Well...I am wondering if I may have added way too much FO! I unmolded today to cure and the smell is permeating the entire dining/ kitchen area! It seems to have gotten stronger rather than weaker! 

Will the scent lighten up after a while of curing?


----------



## kchaystack (Dec 14, 2015)

narnia said:


> Well...I am wondering if I may have added way too much FO!  I unmolded today to cure and the smell is permeating the entire dining/ kitchen area!  It seems to have gotten stronger rather than weaker!
> 
> Will the scent lighten up after a while of curing?



A little.  Depends on how the FO was formulated.  Some suppliers will fade more than others.


----------



## dixiedragon (Dec 14, 2015)

I have not done a lot of HP, but in my experience, the smell is a bit overwhelming at first but it does calm down.


----------



## narnia (Dec 14, 2015)

dixiedragon said:


> I have not done a lot of HP, but in my experience, the smell is a bit overwhelming at first but it does calm down.

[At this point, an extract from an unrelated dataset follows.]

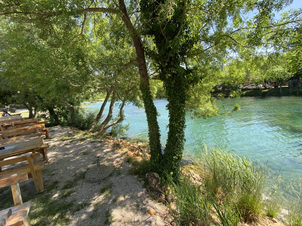 Na miejscu zastajemy kilka budynków, w tym bar i restaurację nad rzeką. Kilka osób się kąpie, pływa, niektóre skaczą do wody. Kawałek dalej znajdują się wodospady i mała plaża.

"At first" in the crockpot or "at first" after unmolding?


----------



## traderbren (Dec 14, 2015)

My only HP soaps have been my shaving soaps or rebatches. I find the smell usually mellows a bit during cure.


----------



## dixiedragon (Dec 14, 2015)

"At first" means in the crockpot. However, I like my scents strong, so generally the smell of the soap right after unmolding isn't too strong for me. But most scents fade a little.


----------



## narnia (Dec 14, 2015)

This scent seems more perfumy than like oatmeal, milk and honey.  At the strength that it is now...I would NOT call it homey, comfy, or soothing!


----------